Thursday, July 14, 2011

We've got five years.

After a particularly hellish night at work, my legs started to cramp as soon as my shoes scraped against the sidewalk. It had been over a day since I had eaten my last meal, and therein lies the irony of healthcare: We're the shittiest at taking care of ourselves.

As I had exited the building, I had hoped for a downpour to match my mood -- I wanted nothing more than to march home through a thunderstorm, knowing none had been predicted -- and was miraculously greeted with the sudden absence of summer. The sky mysteriously loomed a striated gray, then opaline blue, as sharp and clear as the air that puckered my skin into goosebumps.

"Five Years" by David Bowie streamed onto my headphones, and I remembered laughing about this song in December a few years ago. I made such a big deal about it. That's how my sense of humour works, I guess. The end of the world is always funny.

I stepped off the sidewalk, and a long line of cars that shouldn't have been present erupted into existence at 6:30 in the morning. I stood and watched them. Garbage men on motorcycles in city-worker orange; Mid-Life Crisis sports car blue; a green bus stopped and ejected its contents across the street.

It was like the world was ending in that moment: Everything had abruptly gone cold with the news that we had a limited amount of time, and the moment just froze as I took it all in. A strange sort of twisted beauty, playing out in its humanity, because that is the beauty of it all.

I crossed the street and looked up. There's a building with a mural that takes up the entire side: A pair of hands turning the bricks into a quilt; in my head, the hands of God playing the piano swell inside of everybody.

And as much of a struggle my life has been, I felt a strange sense of peace as I rounded the corner to my street. I had stumbled onto a moment, something I could seal up into a watertight package to seal away into the darkest corners of my heart for a time whenever I would need it most.

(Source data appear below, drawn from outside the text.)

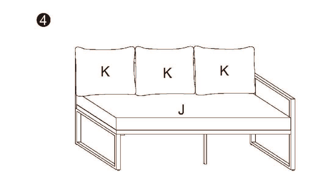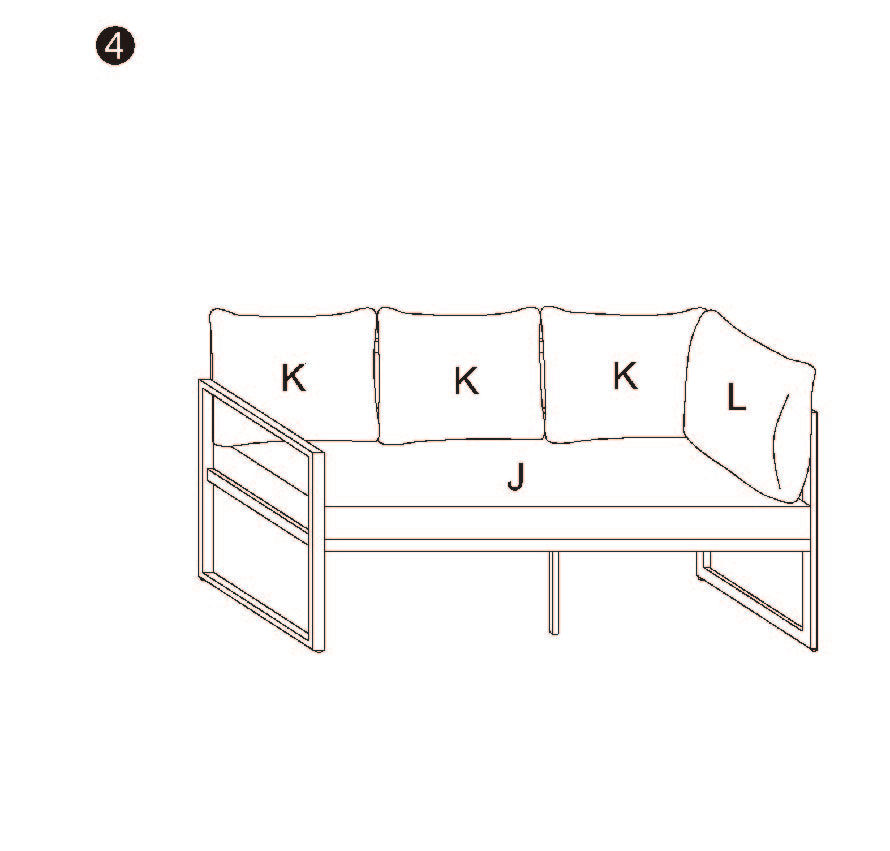 4. Pflege der Kissen: Entfernen Sie die J) Sofasitzkissen, K) Sofarückenkissen und R) Hocker-Sitzkissen regelmäßig und reinigen Sie sie gemäß den Pflegehinweisen des Herstellers.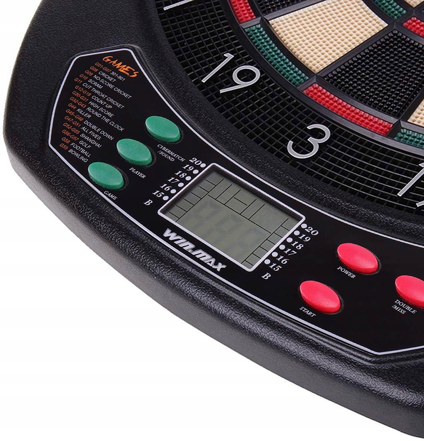 - ЯСКРАВИЙ РК-ДИСПЛЕЙ - Не припиняйте грати, щоб зберегти свої результати, просто насолоджуйтесь грою з РК-дисплеєм. Максимальна кількість окремих гравців обмежена 4. Цей дартс здатний вести рахунок для командної гри: 2 команди по 2 (4 особи), 2 команди по 3 (6 осіб), потім 2 команди по 4 (8 осіб) )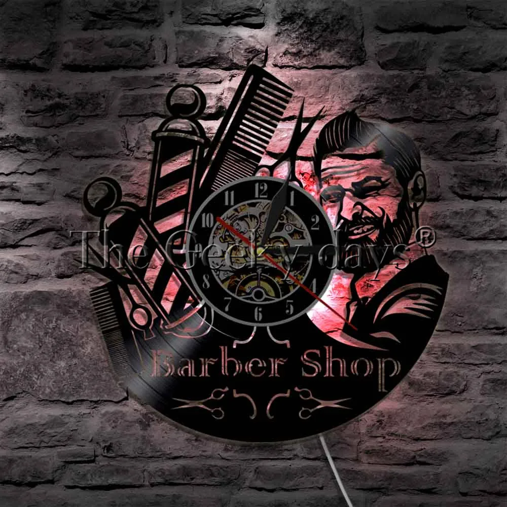 BEST 1Piece Barber Shop Sign Wall Watch LED Hanging Lamp Vinyl Record Wall Clock Hairdresser Salon Hair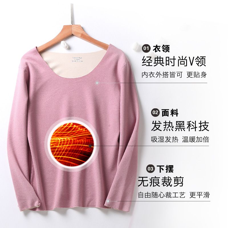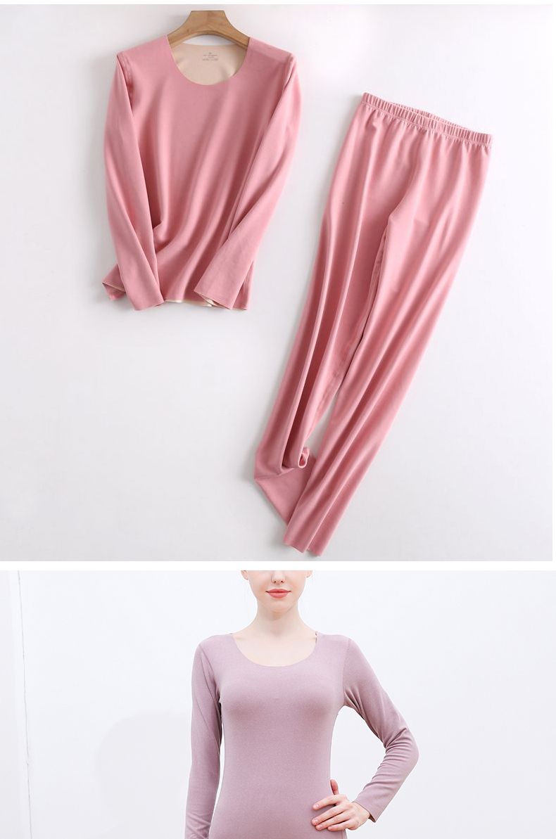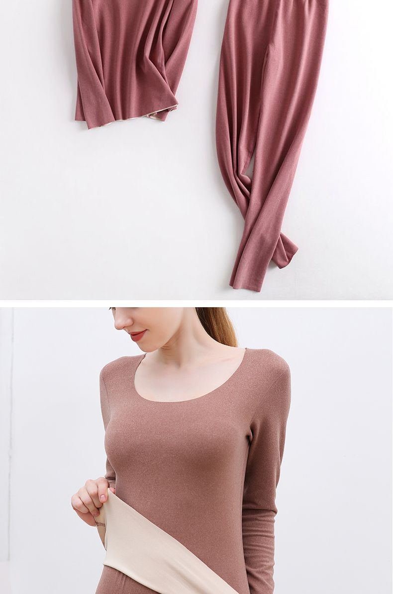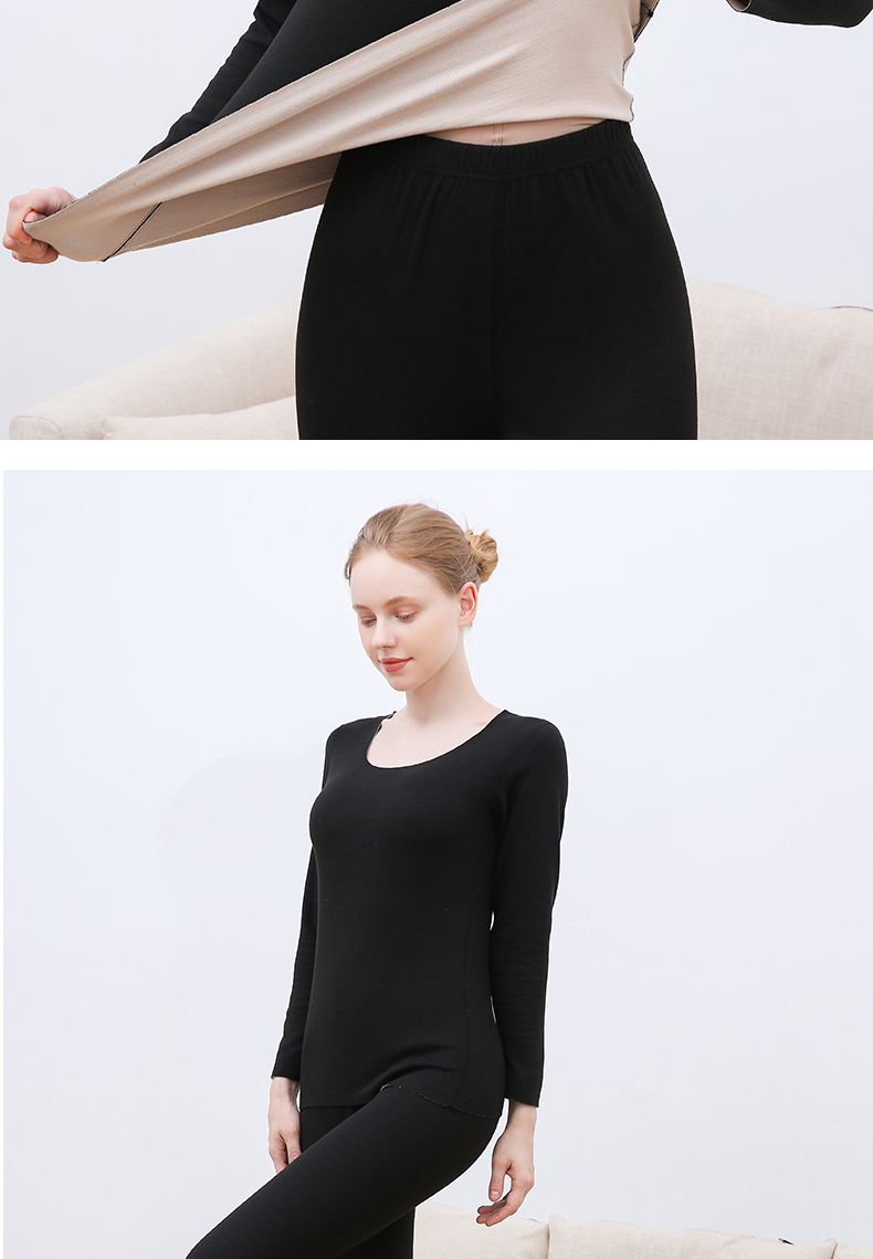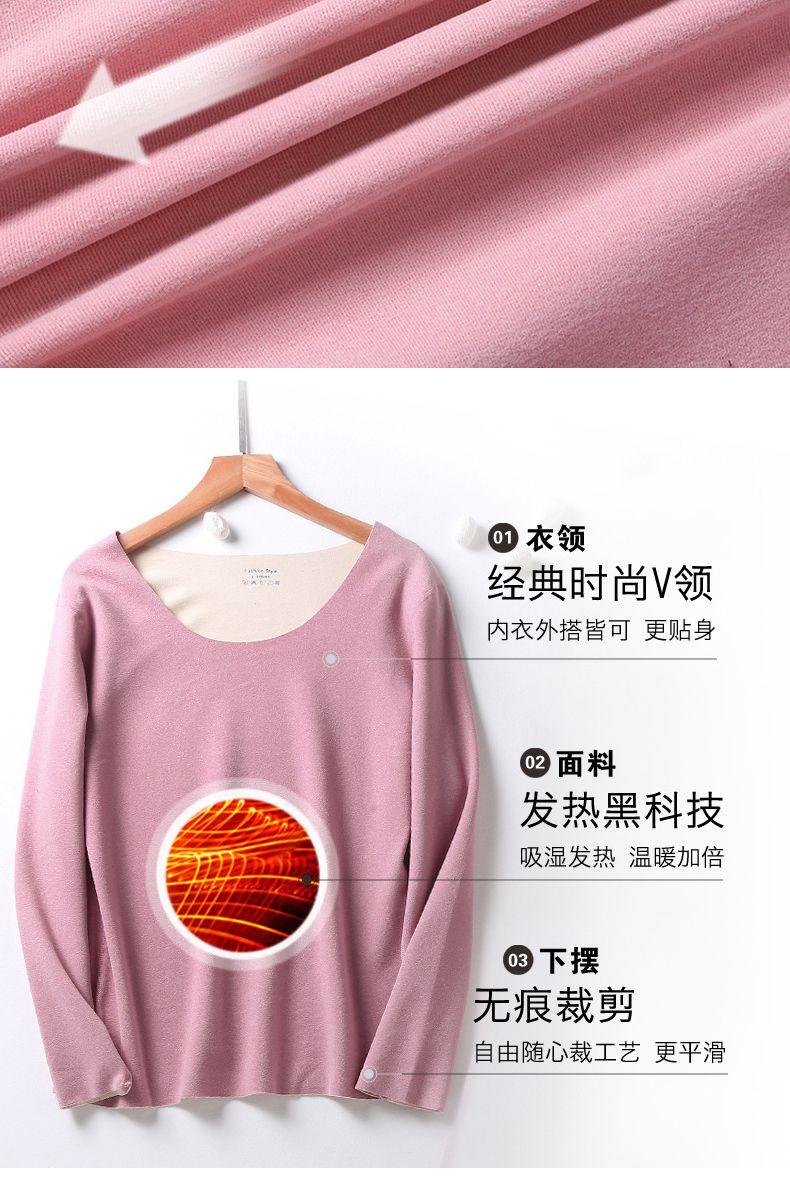 【雅鹿】新款德绒保暖内衣女自发热双面无痕打底薄款秋衣秋裤套装

I turned my head. A car parked on the side of the street had a bumper sticker of two fingers raised in a peace sign. I think I started laughing as I realized that that's exactly what I want the end of the world to be like. If I would've been blindsided by an asteroid or something a second later, I would've been okay with that. I wouldn't have regretted all that I hadn't accomplished or that I was alone because in that moment, none of it was true.

My brain hurt like a warehouse, it had no room to spare/I had cram so many things to store everything in there.